I videogiochi vanno al museo.

"La cosa importante nei videogames, quello che mostra questa esposizione, è come il designer e le idee siano centrali nei videogiochi, la tecnologia arriva dopo, come supporto di queste idee".

Intorno a questo concetto è stata sviluppata l'esposizione Videogames: Design/Play/Disrupt in programmazione al Victoria and Albert Museum di Londra dall'8 settembre al 24 febbraio 2019. L'obiettivo dei curatori è quello di mostrare come il videogioco sia non solo una delle industrie più ricche e dinamiche del pianeta, capace di generare oltre 108 miliardi di dollari nel solo 2017 e di coinvolgere 2,2 miliardi di persone in tutto il globo, ma qualcosa di più.

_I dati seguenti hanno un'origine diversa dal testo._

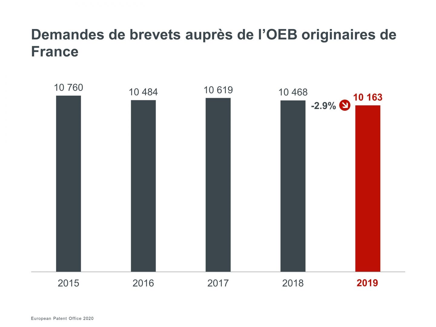 Avec 10 163 demandes déposées en 2019, la France reste le 2e pays européen le plus innovant auprès de l’OEB (Office européen des brevets). Elle se positionne derrière l’Allemagne qui conserve la 1ère position (26805 demandes) et devant la Suisse (8249 demandes). Néanmoins, après une baisse de 1,4 % en 2018, la France enregistre un nouveau recul du nombre de demandes de brevets en 2019 (-2,9 %), notamment dans des secteurs tels que les transports ou la communication numérique.
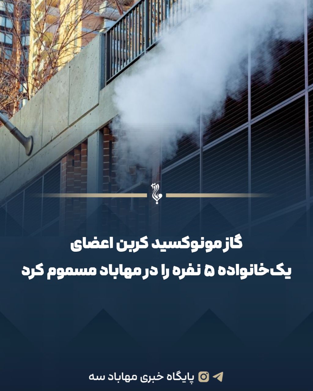 گاز مونوکسید کربن اعضای یکخانواده ۵ نفره را در مهاباد مسموم کرد
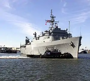 ![]() The amphibious landing dock ship USS Portland (LSD 37) stands out of the harbor at the Naval Amphibious Base Little Creek, Virginia in 2003 | |
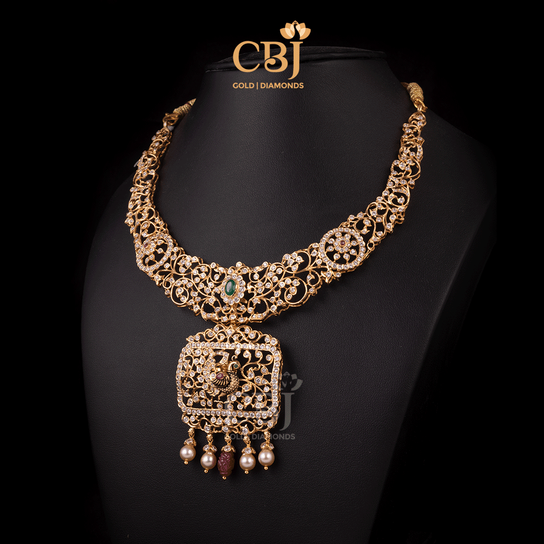 Lightweight 10 Grams Nakshi Gold Necklace with Classic Finish
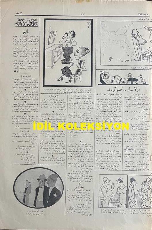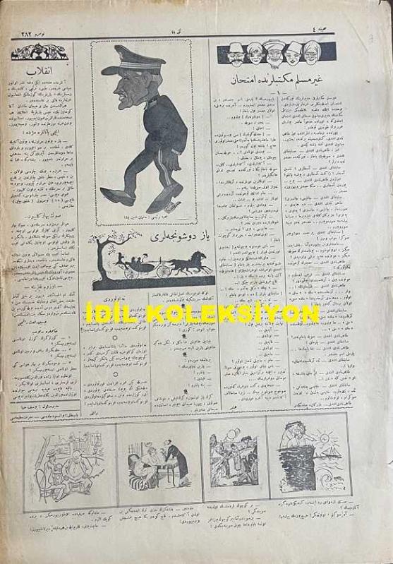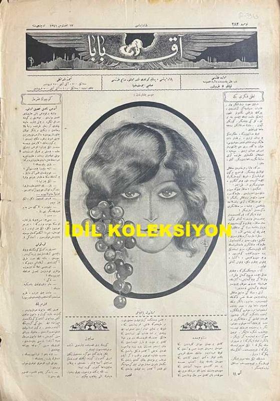 Osmanlıca Akbaba Mizah Dergisi-Gazetesi, Orijinal Dönem Basım, (Ottoman Magazine-Newspaper) - 17 Ağustos 1925 - Rumi: 17 Ağustos 1341 - Sayı: 282 - Karikatürist Ramiz Gökçe'nin Çalışması: Mevsim Yemişlerinden "İstanbul Yapıncağı" - "Lütfi Fikri Bey'e: Akbaba - Mülakat: "Meşhedi Bahçıvan" Çekirge (Ercüment Ekrem Talu) - "Kudüs Darülfünunu'nda Sabetay Kohen Efendi'nin Kimya Dersi" Karga - Karikatürist Ramiz Gökçe'nin Çalışması:Bugünkü Tevfik Fikret İhtifalinden Maruf Tıraşçı ile Kerime-i Aliyeleri "Tevfik Fikret'in Ruhu: Aman, Usturayı Fena Biliyor, Taşı Yarıp Bana Kadar Gelecek, Kaçmalı!..." - "Evvela Can.. Sonra?.." Selami İzzet (Sedes) - "İstanbul'da Yaz" Bu Yakıcı Güneşin Altında Gezip, Yorul, Sanki, Yaz Mevsiminde Cehennemdir İstanbul! (...) Kartal - "Gayr-i Müslim Mekteplerinde İmtihan" Anber - Karikatürist Hüsamettin Haşim'in Çalışması: Sıhhiye Reisi: Süleyman Emin Paşa adlı eser, Kitap > Süreli Yayınlar > Gazeteler > Türkiye > Genel kategorisinde İkinci El olarak satıştadır.

Un fenomeno di massa, quindi, ma anche una forma di espressione eclettica, in grado di riunire sotto il suo cappello tutte le principali arti sviluppate dall'essere umano. Attraverso una serie di videogames usciti dalla seconda metà del 2000 in poi, i curatori Marie Foulston e Kristian Volsing hanno provato a mostrare al grande pubblico come questo media sia un vero melting pot di stili e tendenze, influenzato dalla pittura, dalla moda e dalla letteratura, ma sua volta capace di uscire dagli schemi e generare nei suoi fruitori empatia, creatività o senso di aggregazione.

Questo quadro di Magritte ha ispirato alcune sezioni dell'affascinante Kentucky Route Zero.

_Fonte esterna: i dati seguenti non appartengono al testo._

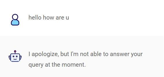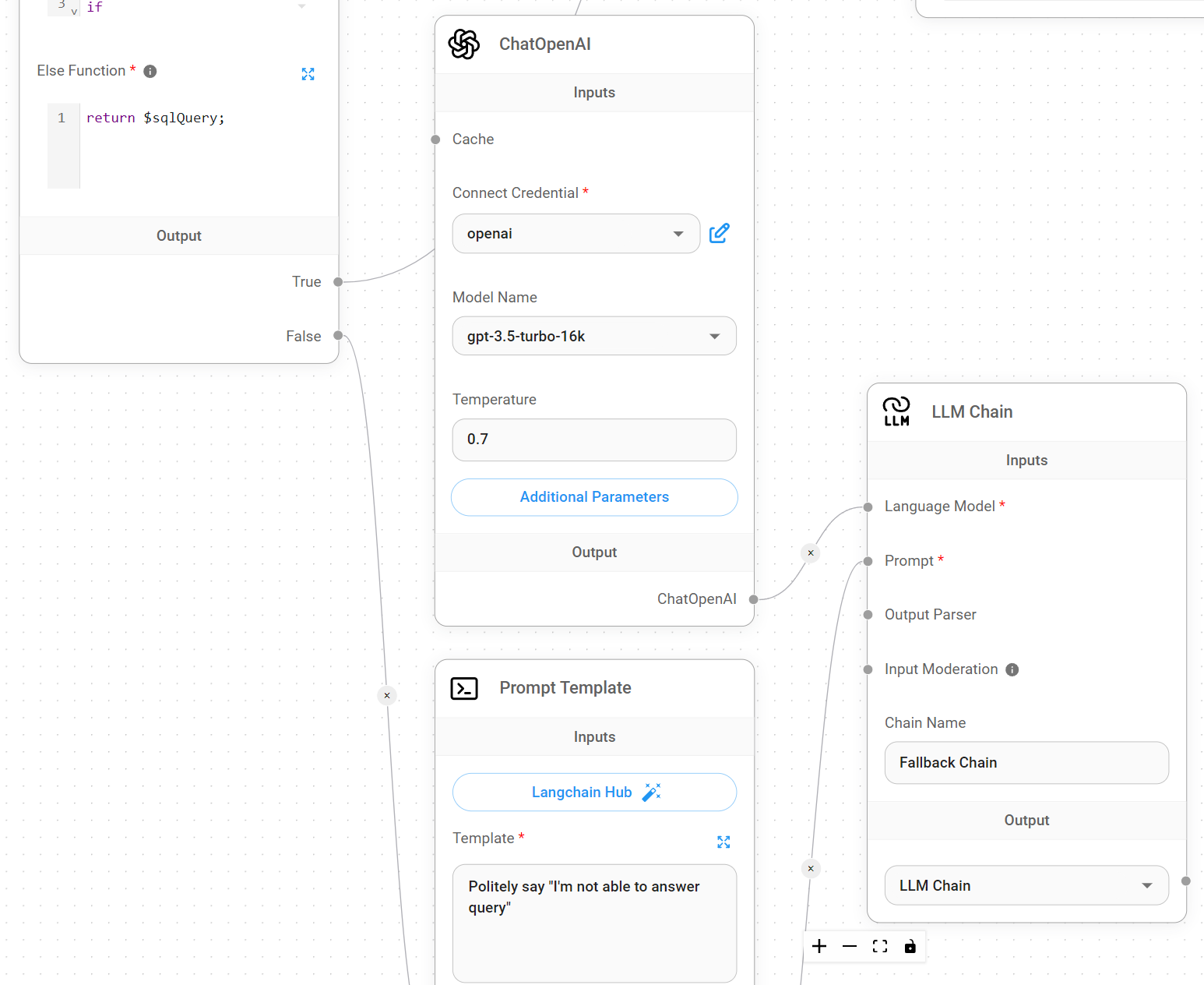 In the Else Function, we will route to a Prompt Template + LLMChain that basically tells LLM that it is unable to answer user query:

Gli esempi portati in mostra vanno da The Last of Us a Kentucky Route Zero, passando per League of Legends, Phone Story o how do you Do It?. Delle scelte interessanti, a volte sorprendenti, magari non sempre condivisibili, ma con le quali i curatori più che un discorso sull'evoluzione del media e del suo linguaggio hanno voluto portare degli esempi che mostrassero quello che al giorno d'oggi sono i videogiochi, evidenziandone le potenzialità e la maturità del linguaggio artistico e narrativo da una parte, ma puntando anche il dito sui limiti ancora presenti.

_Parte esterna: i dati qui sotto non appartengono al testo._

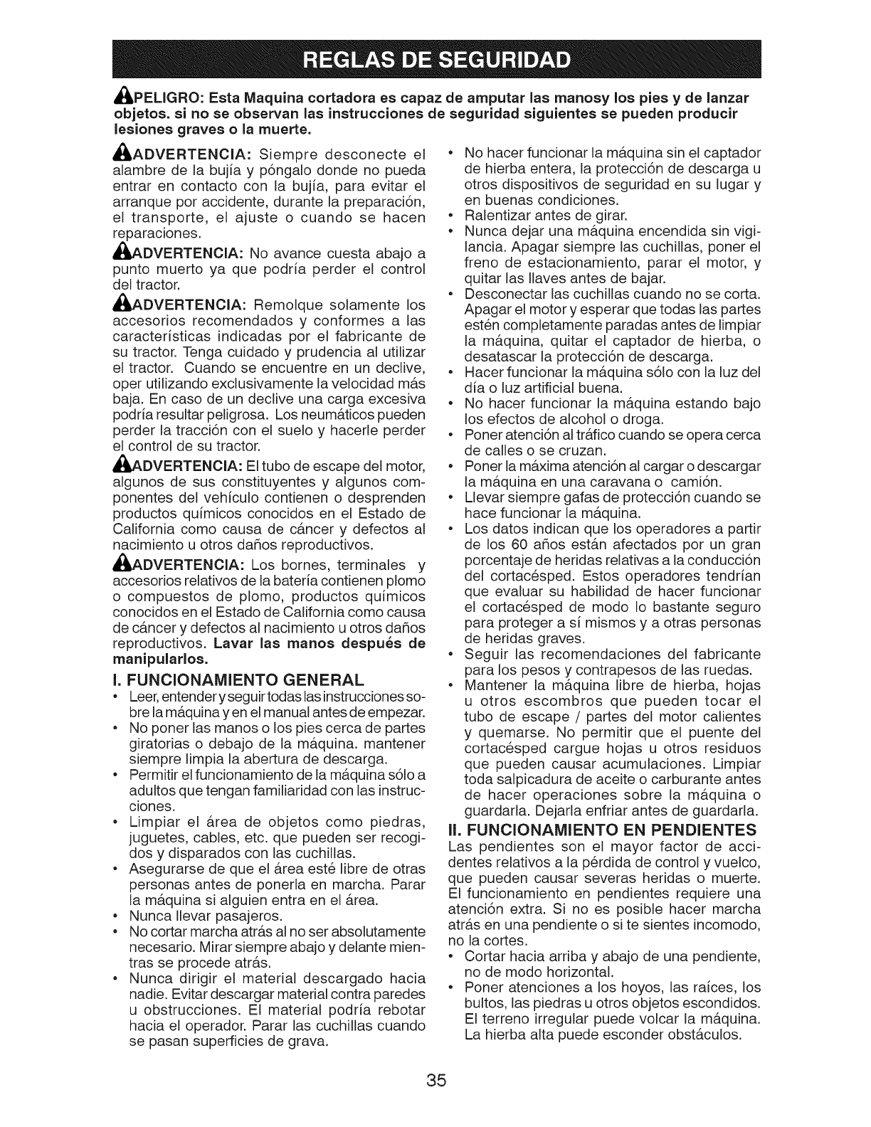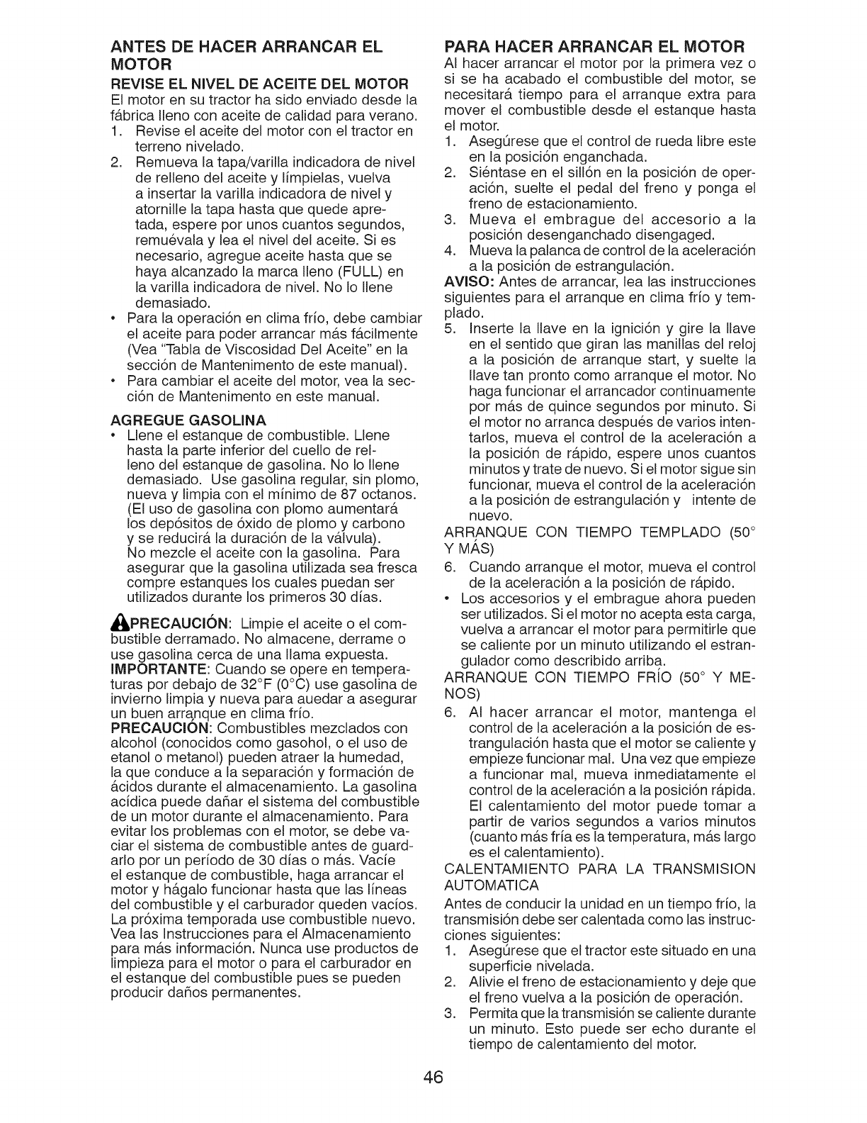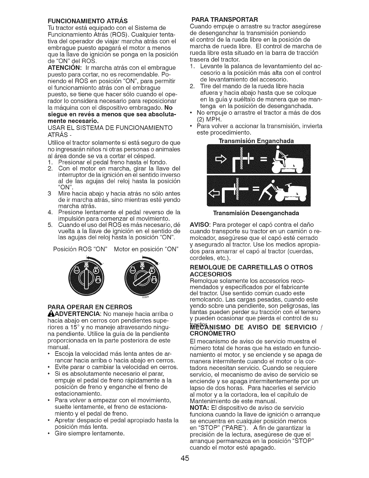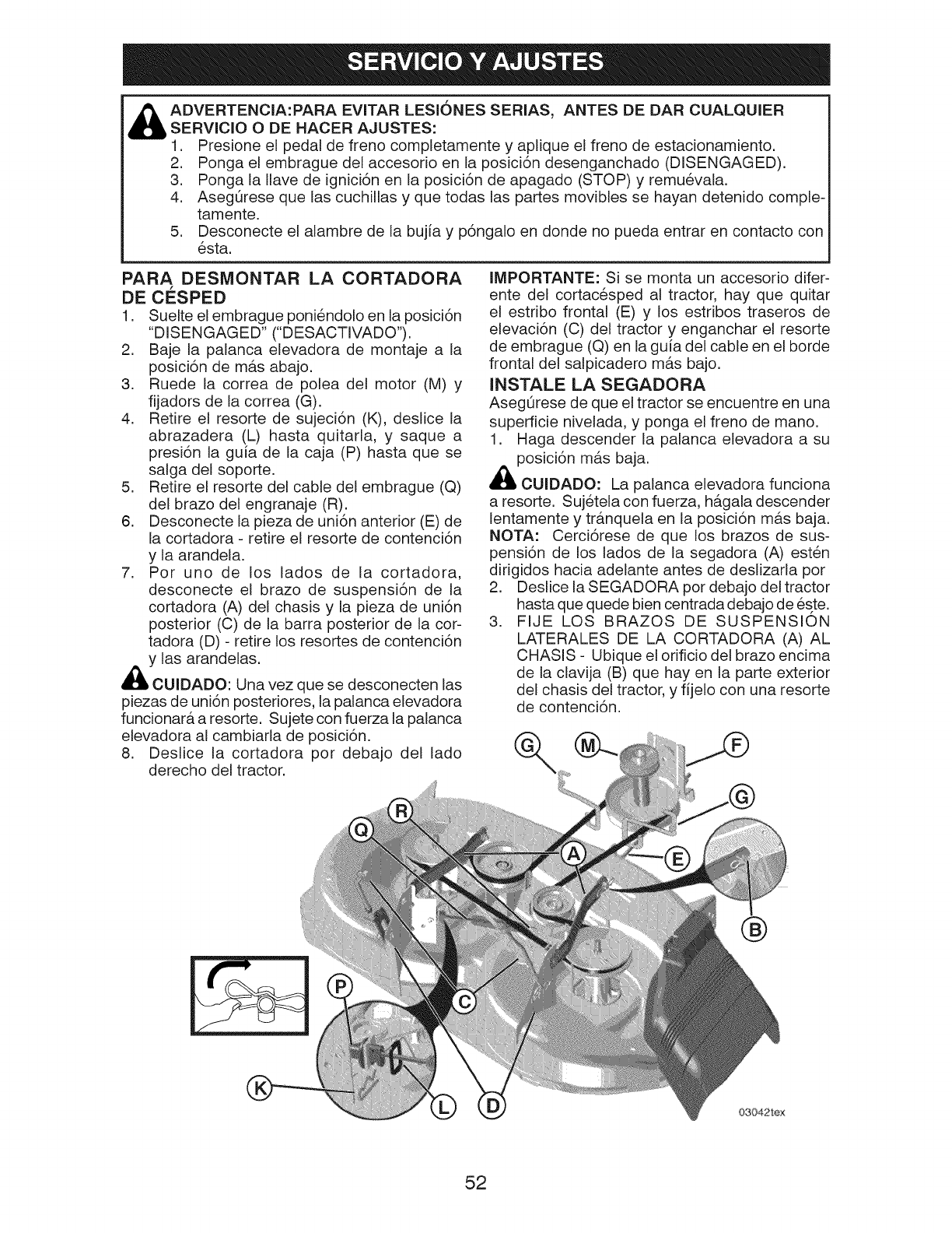 ADVERTENCIA: Para evitar daRos graves, haga funcionar su tractor arriba I

La parità di genere e di razza, oltre che il modo spesso goffo con cui viene raccontato il sesso sono ostacoli che questo media deve superare per la definitiva maturazione. Perchè se è vero che non tutti i giochi possano avere delle scene di sesso o protagonisti intercambiabili, non è possibile che si faccia ancora così fatica a parlare dei problemi di attualità o spesso della normalità. Di razzismo e discriminazione si parla, ma quasi ed esclusivamente se sono coinvolti elfi, nani o qualche altra strano popolo nato dalla fantasia degli autori, mentre il sesso è quasi sempre visto come un obiettivo da raggiungere, magari con tutte le donne/uomini che incrociamo nel gioco. E' vero, è anche questo, ma è soprattutto una componente normale (si spera!) della vita di un adulto. Stesso discorso per l'omosessualità.

Minecraft ha dato ai giocatori gli strumenti per creare qualunque cosa.

E poi c'è la violenza. Nei videogiochi di violenza ce n'è molta, persino troppa secondo il Comitato Internazionale Olimpico. Si tratta del principale motivo che ha tenuto gli esport fuori dai prossimi Giochi Olimpici. Difficilmente, però, questa violenza è quella quotidiana quella reale. Quella delle sparatorie nelle scuole, della schiavitù nei paesi poveri, o all'interno delle mura domestiche. In questo caso la faccenda diventa scomoda e nessuna grande produzione racconta di questi avvenimenti in maniera critica e solo qualche indie sperimentale prova, a volte satiricamente come Phone Story, a volte in modo drammatico come A Series of Gunshots, a sbattere in faccia ai giocatori la verità.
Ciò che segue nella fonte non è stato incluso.